(Records drawn from a dataset)
•••

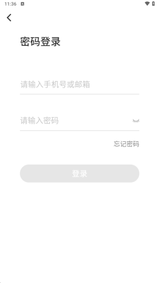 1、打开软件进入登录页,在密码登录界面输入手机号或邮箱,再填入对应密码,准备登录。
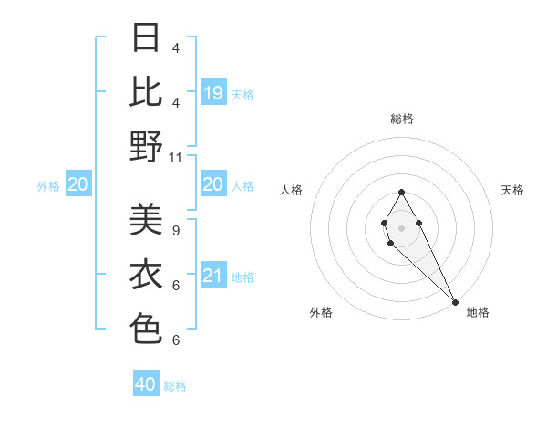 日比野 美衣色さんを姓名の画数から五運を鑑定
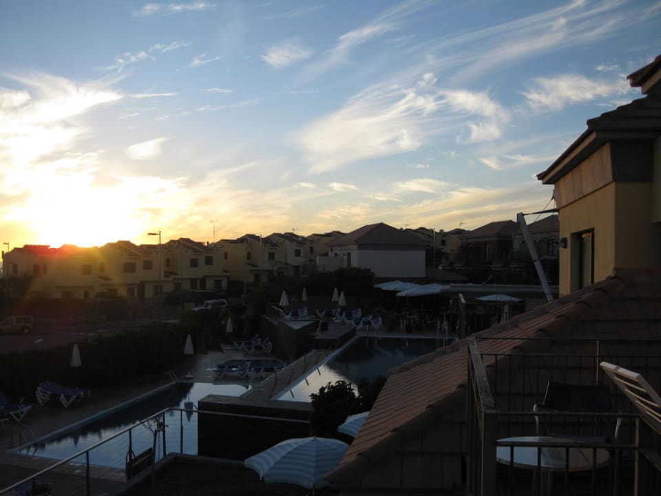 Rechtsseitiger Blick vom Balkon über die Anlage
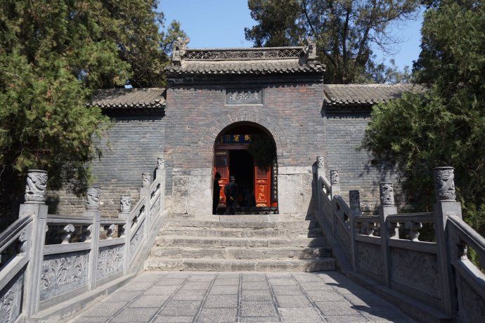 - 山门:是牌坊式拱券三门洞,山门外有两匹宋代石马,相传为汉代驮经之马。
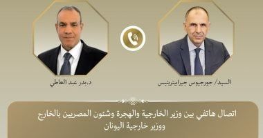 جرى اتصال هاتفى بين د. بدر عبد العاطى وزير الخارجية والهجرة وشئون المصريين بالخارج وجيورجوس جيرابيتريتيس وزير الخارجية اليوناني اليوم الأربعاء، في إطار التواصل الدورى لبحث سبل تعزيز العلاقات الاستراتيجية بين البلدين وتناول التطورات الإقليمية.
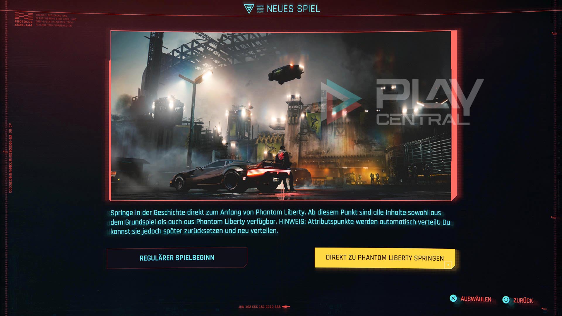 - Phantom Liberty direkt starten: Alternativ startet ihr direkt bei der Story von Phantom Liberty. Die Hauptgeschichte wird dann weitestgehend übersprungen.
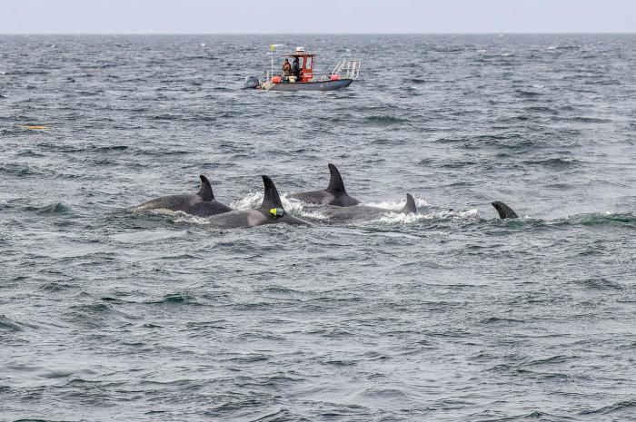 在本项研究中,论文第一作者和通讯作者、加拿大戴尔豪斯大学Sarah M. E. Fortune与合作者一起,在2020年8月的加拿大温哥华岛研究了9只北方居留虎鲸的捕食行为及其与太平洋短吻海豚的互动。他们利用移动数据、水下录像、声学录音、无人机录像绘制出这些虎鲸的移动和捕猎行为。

•••

▸ **What you will do**: An exact copy of all the records, free of pictures, is the expected answer.

▸ **Answer to this task**:
 1、打开软件进入登录页,在密码登录界面输入手机号或邮箱,再填入对应密码,准备登录。
 日比野 美衣色さんを姓名の画数から五運を鑑定
 Rechtsseitiger Blick vom Balkon über die Anlage
 - 山门:是牌坊式拱券三门洞,山门外有两匹宋代石马,相传为汉代驮经之马。
 جرى اتصال هاتفى بين د. بدر عبد العاطى وزير الخارجية والهجرة وشئون المصريين بالخارج وجيورجوس جيرابيتريتيس وزير الخارجية اليوناني اليوم الأربعاء، في إطار التواصل الدورى لبحث سبل تعزيز العلاقات الاستراتيجية بين البلدين وتناول التطورات الإقليمية.
 - Phantom Liberty direkt starten: Alternativ startet ihr direkt bei der Story von Phantom Liberty. Die Hauptgeschichte wird dann weitestgehend übersprungen.
 在本项研究中,论文第一作者和通讯作者、加拿大戴尔豪斯大学Sarah M. E. Fortune与合作者一起,在2020年8月的加拿大温哥华岛研究了9只北方居留虎鲸的捕食行为及其与太平洋短吻海豚的互动。他们利用移动数据、水下录像、声学录音、无人机录像绘制出这些虎鲸的移动和捕猎行为。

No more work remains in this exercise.